ASSIGNMENT: Write the lines out again, from the top of the material to the line containing "春风松月楼市上海老字号的素菜", pictures excluded.

((

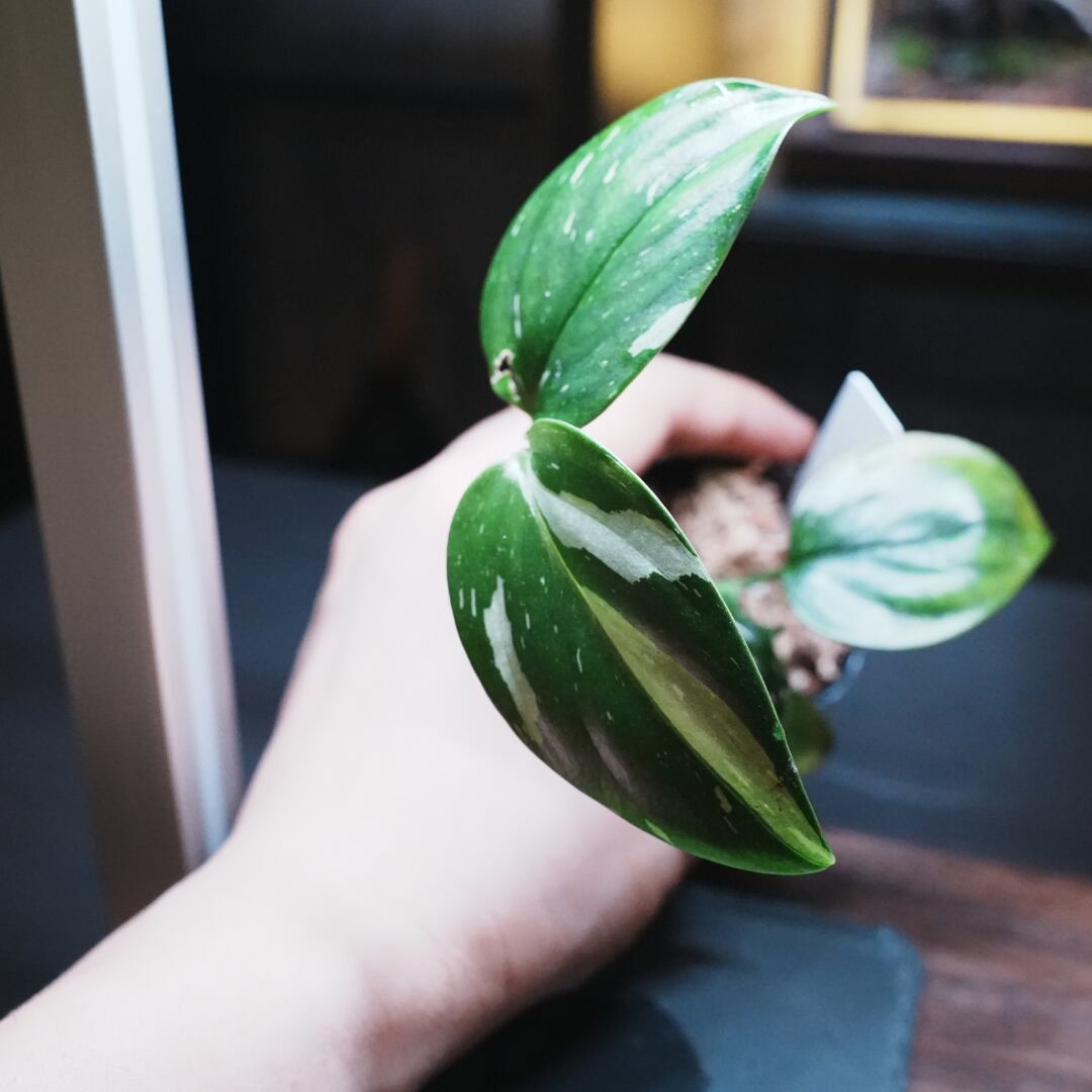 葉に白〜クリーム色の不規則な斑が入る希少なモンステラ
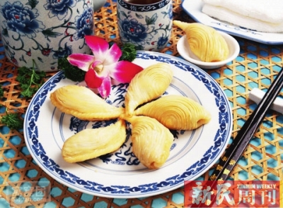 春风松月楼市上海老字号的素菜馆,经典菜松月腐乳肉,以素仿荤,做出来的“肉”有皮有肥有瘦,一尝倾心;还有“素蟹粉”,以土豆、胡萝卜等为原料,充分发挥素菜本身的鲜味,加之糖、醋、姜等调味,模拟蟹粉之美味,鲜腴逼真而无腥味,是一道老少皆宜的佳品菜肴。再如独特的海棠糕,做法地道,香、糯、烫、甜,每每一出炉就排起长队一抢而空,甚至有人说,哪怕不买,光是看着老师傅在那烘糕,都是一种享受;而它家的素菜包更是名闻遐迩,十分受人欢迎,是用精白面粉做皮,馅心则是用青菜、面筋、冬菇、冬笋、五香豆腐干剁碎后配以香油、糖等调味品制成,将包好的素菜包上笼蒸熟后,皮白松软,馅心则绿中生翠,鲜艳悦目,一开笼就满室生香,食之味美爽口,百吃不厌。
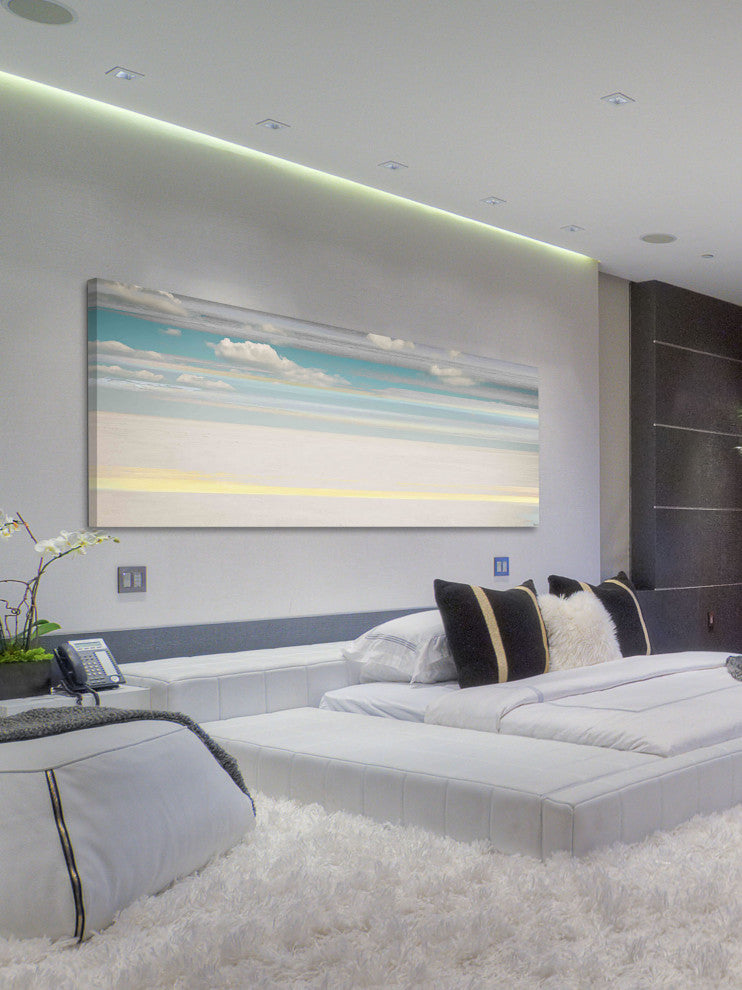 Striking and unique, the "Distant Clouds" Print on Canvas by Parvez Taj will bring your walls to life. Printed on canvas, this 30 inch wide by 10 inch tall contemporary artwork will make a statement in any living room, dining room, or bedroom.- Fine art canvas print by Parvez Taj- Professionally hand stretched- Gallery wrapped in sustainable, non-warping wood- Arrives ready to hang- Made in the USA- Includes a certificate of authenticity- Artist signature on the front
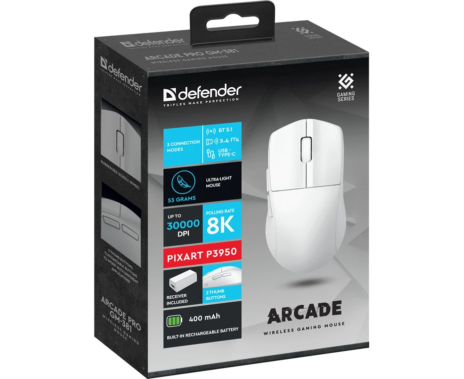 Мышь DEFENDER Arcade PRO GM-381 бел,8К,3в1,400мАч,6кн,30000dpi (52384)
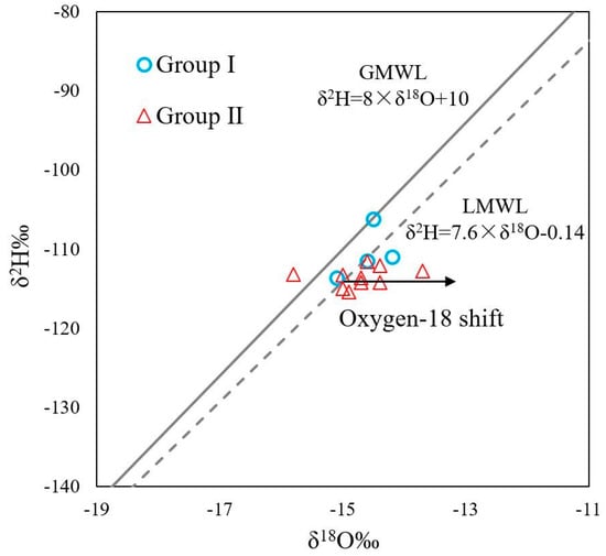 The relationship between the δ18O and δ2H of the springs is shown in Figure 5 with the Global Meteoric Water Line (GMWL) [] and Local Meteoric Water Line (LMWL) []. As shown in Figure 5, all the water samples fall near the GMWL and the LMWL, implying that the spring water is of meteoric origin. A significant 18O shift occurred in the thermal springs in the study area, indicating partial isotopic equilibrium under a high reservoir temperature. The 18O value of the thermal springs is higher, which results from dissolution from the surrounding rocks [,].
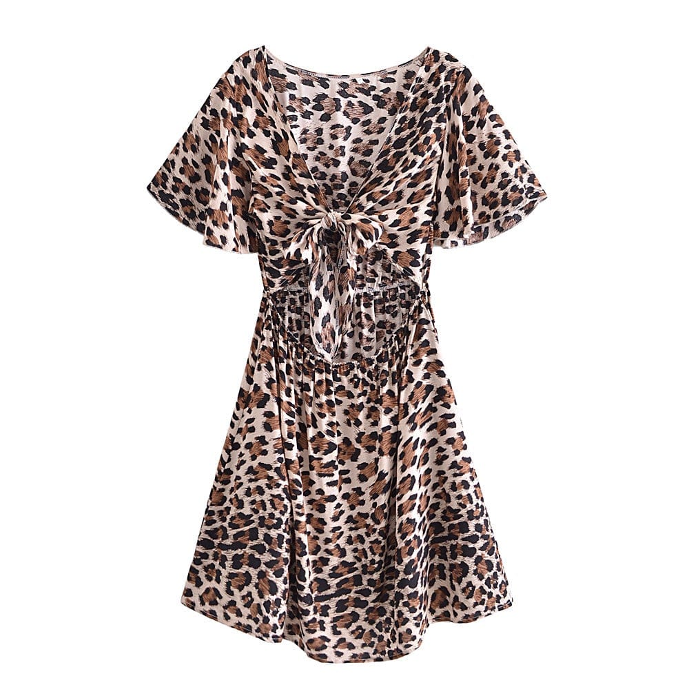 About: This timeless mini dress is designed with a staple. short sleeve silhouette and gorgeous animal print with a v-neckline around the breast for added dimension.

))

SOLUTION FOR THIS PROBLEM:
 葉に白〜クリーム色の不規則な斑が入る希少なモンステラ
 春风松月楼市上海老字号的素菜馆,经典菜松月腐乳肉,以素仿荤,做出来的“肉”有皮有肥有瘦,一尝倾心;还有“素蟹粉”,以土豆、胡萝卜等为原料,充分发挥素菜本身的鲜味,加之糖、醋、姜等调味,模拟蟹粉之美味,鲜腴逼真而无腥味,是一道老少皆宜的佳品菜肴。再如独特的海棠糕,做法地道,香、糯、烫、甜,每每一出炉就排起长队一抢而空,甚至有人说,哪怕不买,光是看着老师傅在那烘糕,都是一种享受;而它家的素菜包更是名闻遐迩,十分受人欢迎,是用精白面粉做皮,馅心则是用青菜、面筋、冬菇、冬笋、五香豆腐干剁碎后配以香油、糖等调味品制成,将包好的素菜包上笼蒸熟后,皮白松软,馅心则绿中生翠,鲜艳悦目,一开笼就满室生香,食之味美爽口,百吃不厌。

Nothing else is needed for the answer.